- _Task details_: In the records below, repeat exactly the lines between the line holding "200 mil pesos." and the line holding "Un raduno veramente", inclusive, and drop the pictures.

- _Record extracts_:
--- START ---

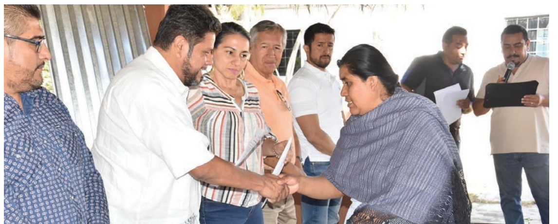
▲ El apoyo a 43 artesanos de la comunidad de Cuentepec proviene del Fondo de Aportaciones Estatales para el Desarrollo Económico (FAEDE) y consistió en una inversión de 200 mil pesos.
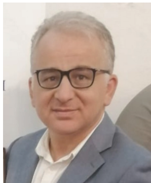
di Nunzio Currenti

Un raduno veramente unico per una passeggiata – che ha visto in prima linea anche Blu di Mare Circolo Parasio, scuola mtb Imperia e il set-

--- END ---
--- START ---

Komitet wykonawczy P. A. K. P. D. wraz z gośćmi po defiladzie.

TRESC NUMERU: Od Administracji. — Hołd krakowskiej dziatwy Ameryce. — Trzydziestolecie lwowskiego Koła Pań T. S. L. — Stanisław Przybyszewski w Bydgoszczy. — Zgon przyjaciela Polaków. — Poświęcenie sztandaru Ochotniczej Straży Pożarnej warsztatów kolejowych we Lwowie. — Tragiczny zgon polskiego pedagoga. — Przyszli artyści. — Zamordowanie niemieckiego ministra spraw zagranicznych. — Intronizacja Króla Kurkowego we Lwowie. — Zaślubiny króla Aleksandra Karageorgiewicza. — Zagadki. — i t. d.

--- END ---

- _Response box_:
▲ El apoyo a 43 artesanos de la comunidad de Cuentepec proviene del Fondo de Aportaciones Estatales para el Desarrollo Económico (FAEDE) y consistió en una inversión de 200 mil pesos.
di Nunzio Currenti

Un raduno veramente unico per una passeggiata – che ha visto in prima linea anche Blu di Mare Circolo Parasio, scuola mtb Imperia e il set-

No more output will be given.